== Segment start ==

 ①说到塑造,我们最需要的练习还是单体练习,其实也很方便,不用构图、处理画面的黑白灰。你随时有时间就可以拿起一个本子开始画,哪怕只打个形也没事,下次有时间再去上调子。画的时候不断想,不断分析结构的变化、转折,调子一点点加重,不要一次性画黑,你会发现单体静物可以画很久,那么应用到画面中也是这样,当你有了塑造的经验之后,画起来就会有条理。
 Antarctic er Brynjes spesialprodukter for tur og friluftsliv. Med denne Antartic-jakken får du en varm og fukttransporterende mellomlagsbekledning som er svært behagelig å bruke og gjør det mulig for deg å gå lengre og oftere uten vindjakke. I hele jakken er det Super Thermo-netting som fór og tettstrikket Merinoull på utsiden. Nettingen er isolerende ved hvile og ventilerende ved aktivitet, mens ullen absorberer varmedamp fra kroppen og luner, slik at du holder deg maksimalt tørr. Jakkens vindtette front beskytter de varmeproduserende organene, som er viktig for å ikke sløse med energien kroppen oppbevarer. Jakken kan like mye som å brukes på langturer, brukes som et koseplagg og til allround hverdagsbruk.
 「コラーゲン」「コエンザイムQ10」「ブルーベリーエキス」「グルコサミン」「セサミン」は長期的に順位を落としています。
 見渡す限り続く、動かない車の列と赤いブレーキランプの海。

== Segment end ==
== Segment start ==

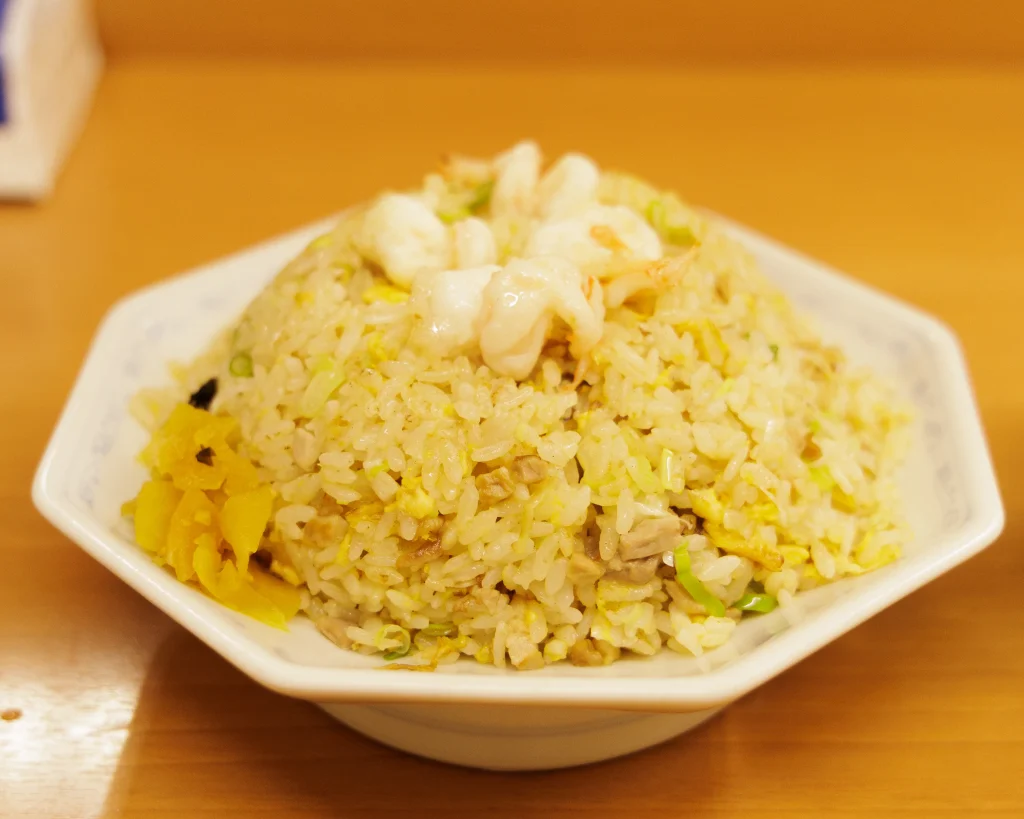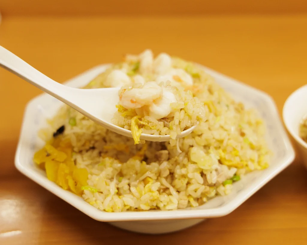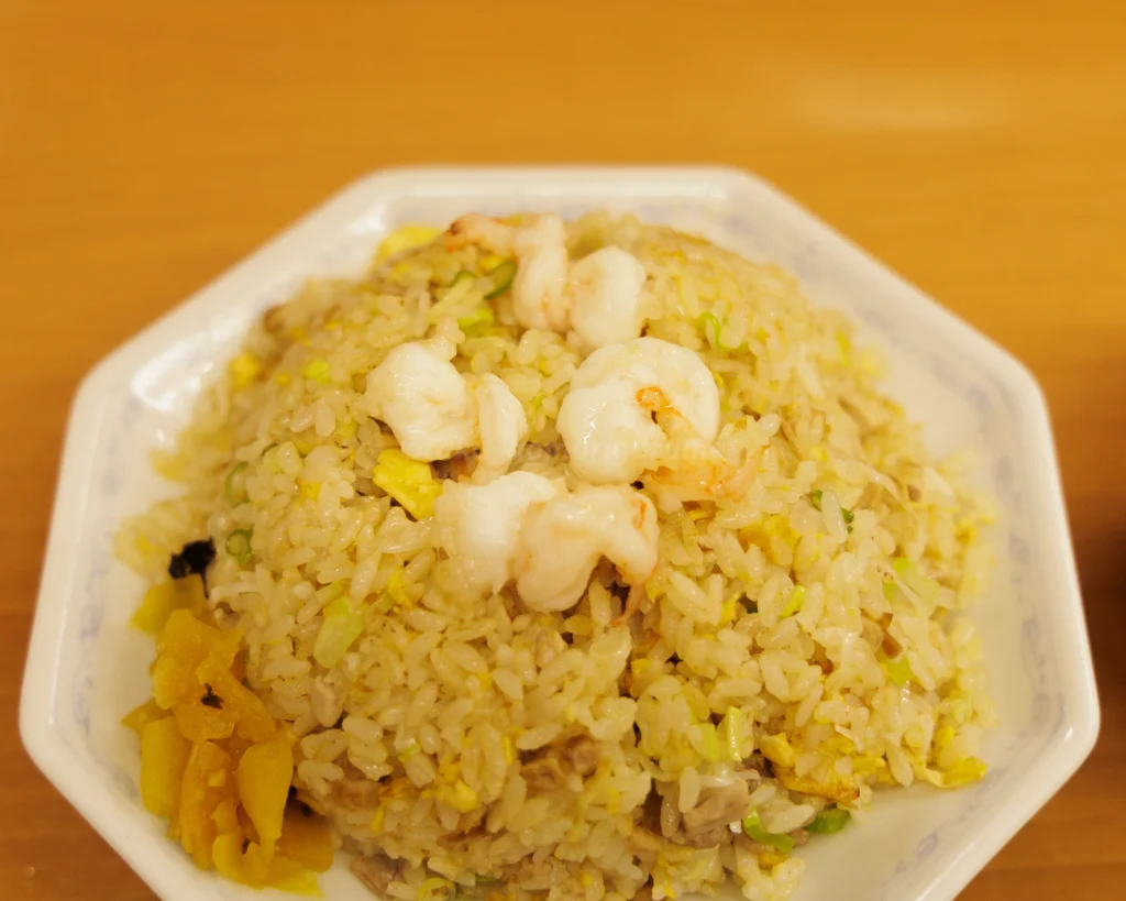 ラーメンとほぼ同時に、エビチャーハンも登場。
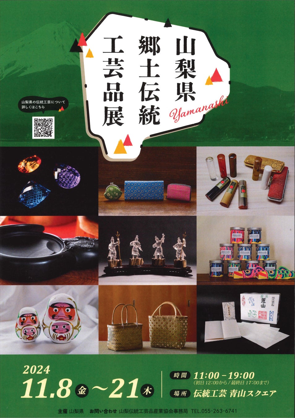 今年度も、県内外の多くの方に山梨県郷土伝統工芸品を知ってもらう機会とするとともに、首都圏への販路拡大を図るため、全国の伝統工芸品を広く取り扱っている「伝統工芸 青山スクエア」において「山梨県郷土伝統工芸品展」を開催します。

== Segment end ==

Could you restate word for word the lines above from the one containing "Antarctic er Brynjes" through the one containing "見渡す限り続く、動かない車の列と赤いブレーキランプの海。", both included, and nothing else?

 Antarctic er Brynjes spesialprodukter for tur og friluftsliv. Med denne Antartic-jakken får du en varm og fukttransporterende mellomlagsbekledning som er svært behagelig å bruke og gjør det mulig for deg å gå lengre og oftere uten vindjakke. I hele jakken er det Super Thermo-netting som fór og tettstrikket Merinoull på utsiden. Nettingen er isolerende ved hvile og ventilerende ved aktivitet, mens ullen absorberer varmedamp fra kroppen og luner, slik at du holder deg maksimalt tørr. Jakkens vindtette front beskytter de varmeproduserende organene, som er viktig for å ikke sløse med energien kroppen oppbevarer. Jakken kan like mye som å brukes på langturer, brukes som et koseplagg og til allround hverdagsbruk.
 「コラーゲン」「コエンザイムQ10」「ブルーベリーエキス」「グルコサミン」「セサミン」は長期的に順位を落としています。
 見渡す限り続く、動かない車の列と赤いブレーキランプの海。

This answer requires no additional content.